Friday, May 20, 2005

Fitting In or Sticking Out

by Anne Zelenka
There are some people who easily adapt to almost any situation. Perhaps I shouldn't be judging my own children or anyone else's, but I think my third child Laura and Marjorie's darling daughter Suzanne will fit in wherever they go. These are sociable, verbal, happy girls. Big school, little school, homeschool, unschool--they're going to do great.

Some kids and some people, more generally, have a harder time fitting in. Diana writes how she felt alone and apart at her kids' talent show. That's generally how I feel at large school gatherings. I don't socialize well in big groups especially if I don't know people well. I am easily exhausted by crowds. And I'm not good at small talk. I have a hypercompetitive streak that lights up in the presence of people who are better dressed or more well-spoken than I am. I like small groups and one-on-ones where I know people well.

I had the happy realization this morning that my nine-year-old son Henry has found a place where he fits in: his small Montessori school here on Maui. It's parent-teacher conference time at school. From when Henry was three until he was in second grade, the conferences we had with Henry's teachers were uniformly negative. He's an introvert like me, and like me, he's given to perfectionism and anxiety. He's strongly internally motivated but breaks down under external pressure. He makes friends slowly. Until he was in second grade, every conference was dominated by talks of how to fix Henry. He couldn't cope; he was too anxious; he didn't socialize enough. Then his second grade teacher realized he needed a break. He's a fine kid, gentle and caring. He doesn't need pressure to do good work. And he'll socialize when he's ready and comfortable.

We didn't know that by moving him from a high-powered gifted and talented magnet school in Virginia to a go-at-your-own-pace one-room Montessori schoolhouse in Maui we'd be planting him in just the soil that he needed.

It's a constant churn of meeting one person's needs and then another's with five headstrong members of the family. Now Rick's accelerating in his career and learning so many new things, but I'm struggling to figure out work that can balance family with my need for intellectual stimulation. Henry's thriving while four-year-old Anna still pines for her Virginia friends and can't quite accept the loss of Mr. C., her old preschool teacher. Laura, well, like I said: she'll do great anywhere.

2 Comments:

Blogger Marjorie said...

Yay for Henry! You know I always thought he was just fine the way he is, just great, actually.

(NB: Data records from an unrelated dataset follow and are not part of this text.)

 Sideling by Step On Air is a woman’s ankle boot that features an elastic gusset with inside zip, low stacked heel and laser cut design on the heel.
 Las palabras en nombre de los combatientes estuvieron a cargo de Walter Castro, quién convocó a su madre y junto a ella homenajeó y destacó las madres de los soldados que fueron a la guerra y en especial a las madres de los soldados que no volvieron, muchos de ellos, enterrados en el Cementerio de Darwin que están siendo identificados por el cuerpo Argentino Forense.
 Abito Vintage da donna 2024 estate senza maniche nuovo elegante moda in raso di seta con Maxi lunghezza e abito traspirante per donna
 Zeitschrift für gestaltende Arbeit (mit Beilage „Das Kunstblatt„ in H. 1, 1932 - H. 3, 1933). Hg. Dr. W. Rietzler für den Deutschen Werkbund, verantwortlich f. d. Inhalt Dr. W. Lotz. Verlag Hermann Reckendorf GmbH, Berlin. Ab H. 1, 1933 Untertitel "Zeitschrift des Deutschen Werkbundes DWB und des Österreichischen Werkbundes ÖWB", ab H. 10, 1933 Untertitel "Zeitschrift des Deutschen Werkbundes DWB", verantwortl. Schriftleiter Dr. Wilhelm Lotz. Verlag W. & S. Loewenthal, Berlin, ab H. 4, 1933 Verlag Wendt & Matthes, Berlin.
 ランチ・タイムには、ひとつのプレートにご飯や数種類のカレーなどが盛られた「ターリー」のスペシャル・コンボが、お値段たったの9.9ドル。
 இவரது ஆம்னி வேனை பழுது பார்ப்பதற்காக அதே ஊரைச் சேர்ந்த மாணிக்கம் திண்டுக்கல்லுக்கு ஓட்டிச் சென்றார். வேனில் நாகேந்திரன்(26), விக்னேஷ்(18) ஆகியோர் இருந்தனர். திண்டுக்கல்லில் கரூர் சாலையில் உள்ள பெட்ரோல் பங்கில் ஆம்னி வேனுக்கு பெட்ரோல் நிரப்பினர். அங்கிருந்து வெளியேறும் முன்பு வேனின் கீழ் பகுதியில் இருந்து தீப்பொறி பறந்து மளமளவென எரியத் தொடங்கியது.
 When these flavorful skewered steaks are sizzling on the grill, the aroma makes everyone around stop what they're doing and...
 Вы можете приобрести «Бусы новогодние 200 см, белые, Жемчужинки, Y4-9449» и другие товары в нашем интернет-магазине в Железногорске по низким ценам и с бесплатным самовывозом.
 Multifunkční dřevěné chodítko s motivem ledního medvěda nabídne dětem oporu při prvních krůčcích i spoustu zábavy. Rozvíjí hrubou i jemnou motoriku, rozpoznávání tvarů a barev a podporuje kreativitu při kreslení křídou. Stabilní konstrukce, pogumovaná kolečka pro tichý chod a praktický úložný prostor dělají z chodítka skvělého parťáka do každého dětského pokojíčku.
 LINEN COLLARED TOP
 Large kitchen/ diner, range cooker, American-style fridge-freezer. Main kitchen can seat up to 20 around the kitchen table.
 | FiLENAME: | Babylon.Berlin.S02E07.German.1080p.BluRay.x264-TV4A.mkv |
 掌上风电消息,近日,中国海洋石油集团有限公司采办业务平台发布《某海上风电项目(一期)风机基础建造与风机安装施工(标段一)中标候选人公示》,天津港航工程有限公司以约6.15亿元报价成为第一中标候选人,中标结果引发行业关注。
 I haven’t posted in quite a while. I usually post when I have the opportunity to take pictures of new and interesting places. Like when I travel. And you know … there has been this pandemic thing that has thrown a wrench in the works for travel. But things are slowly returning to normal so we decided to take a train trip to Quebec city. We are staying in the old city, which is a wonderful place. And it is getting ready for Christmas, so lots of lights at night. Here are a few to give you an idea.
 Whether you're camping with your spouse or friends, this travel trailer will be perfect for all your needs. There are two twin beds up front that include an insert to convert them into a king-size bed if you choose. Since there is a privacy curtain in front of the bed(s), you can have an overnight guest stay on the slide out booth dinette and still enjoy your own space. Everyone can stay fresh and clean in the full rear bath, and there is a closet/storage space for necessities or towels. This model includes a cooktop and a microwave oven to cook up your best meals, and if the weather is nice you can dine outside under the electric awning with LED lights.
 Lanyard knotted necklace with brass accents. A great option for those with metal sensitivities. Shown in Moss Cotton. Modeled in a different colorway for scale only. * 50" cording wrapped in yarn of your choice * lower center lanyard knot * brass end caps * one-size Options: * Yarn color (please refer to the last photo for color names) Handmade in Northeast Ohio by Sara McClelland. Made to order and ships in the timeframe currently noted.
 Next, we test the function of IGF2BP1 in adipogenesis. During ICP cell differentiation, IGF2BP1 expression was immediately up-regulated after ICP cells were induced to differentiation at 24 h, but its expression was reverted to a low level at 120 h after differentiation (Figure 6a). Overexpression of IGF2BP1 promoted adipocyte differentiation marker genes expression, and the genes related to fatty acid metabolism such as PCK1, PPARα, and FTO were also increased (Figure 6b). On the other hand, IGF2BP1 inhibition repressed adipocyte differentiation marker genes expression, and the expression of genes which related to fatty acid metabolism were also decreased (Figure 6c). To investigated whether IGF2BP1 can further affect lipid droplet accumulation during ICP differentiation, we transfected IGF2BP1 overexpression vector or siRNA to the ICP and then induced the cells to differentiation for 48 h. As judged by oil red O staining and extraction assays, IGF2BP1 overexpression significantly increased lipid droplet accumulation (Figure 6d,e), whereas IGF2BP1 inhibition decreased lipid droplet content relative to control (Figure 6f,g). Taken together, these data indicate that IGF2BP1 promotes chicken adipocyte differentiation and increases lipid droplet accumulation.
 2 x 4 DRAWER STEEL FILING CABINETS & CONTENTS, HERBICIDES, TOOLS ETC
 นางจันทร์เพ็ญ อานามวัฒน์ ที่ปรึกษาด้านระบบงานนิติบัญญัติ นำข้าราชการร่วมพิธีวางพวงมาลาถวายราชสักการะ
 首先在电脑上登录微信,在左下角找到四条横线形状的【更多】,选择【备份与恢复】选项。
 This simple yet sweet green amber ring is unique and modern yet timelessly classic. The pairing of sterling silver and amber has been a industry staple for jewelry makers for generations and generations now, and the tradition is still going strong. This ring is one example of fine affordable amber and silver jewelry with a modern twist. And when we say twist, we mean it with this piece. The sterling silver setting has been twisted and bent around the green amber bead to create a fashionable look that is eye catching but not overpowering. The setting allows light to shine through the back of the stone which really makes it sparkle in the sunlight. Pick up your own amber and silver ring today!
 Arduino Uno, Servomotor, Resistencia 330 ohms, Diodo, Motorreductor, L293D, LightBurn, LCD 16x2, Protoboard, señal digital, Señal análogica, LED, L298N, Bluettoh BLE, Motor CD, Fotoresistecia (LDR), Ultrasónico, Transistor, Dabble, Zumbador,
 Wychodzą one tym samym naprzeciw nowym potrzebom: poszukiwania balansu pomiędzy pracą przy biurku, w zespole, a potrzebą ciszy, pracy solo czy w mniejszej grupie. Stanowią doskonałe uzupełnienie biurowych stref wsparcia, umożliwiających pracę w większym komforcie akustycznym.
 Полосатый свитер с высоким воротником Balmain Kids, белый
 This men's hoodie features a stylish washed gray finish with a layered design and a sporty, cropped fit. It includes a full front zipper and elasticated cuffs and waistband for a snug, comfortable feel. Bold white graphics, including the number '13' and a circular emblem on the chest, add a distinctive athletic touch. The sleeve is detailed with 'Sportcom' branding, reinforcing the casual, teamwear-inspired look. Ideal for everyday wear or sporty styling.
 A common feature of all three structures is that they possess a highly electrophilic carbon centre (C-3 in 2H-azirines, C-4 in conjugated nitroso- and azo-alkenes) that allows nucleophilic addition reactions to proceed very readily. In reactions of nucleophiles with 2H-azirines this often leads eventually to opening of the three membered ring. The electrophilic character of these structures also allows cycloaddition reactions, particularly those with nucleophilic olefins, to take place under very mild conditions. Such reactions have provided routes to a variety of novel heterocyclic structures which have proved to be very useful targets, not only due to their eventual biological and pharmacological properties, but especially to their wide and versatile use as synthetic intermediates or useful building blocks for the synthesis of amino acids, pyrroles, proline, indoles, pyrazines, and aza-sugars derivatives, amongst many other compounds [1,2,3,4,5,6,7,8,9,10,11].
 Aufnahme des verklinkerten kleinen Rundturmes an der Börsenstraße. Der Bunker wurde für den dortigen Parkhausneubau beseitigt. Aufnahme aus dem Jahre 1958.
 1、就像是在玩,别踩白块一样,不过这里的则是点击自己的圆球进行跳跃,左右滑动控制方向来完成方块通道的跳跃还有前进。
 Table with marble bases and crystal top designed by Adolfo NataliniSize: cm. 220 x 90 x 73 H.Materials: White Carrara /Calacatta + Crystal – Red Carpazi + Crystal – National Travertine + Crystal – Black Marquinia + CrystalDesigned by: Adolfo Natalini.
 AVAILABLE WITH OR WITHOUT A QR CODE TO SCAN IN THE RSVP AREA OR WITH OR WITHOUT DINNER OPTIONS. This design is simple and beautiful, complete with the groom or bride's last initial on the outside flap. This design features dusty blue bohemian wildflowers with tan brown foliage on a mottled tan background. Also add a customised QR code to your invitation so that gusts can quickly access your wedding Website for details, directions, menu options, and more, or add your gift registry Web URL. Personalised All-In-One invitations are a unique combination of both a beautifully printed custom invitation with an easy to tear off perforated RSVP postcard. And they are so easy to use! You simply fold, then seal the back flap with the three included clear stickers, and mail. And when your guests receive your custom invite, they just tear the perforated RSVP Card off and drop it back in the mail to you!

Not everyone can be Rick -- and wouldn't it be exhausting if they were? Congrats on the career -- imagine, leaving NASA and then launching and going into orbit. hehehehe

I'm like you in the large social situations, though I don't feel competitive, I feel more like 'ew, you're boring, get away.' They probably think I'm weird, but weird is not boring.

2:56 PM  
Blogger Diana said...

I loved that part about the churn of getting everyone's needs met. Very well-said.

I hope Henry's new situation continues to suit him!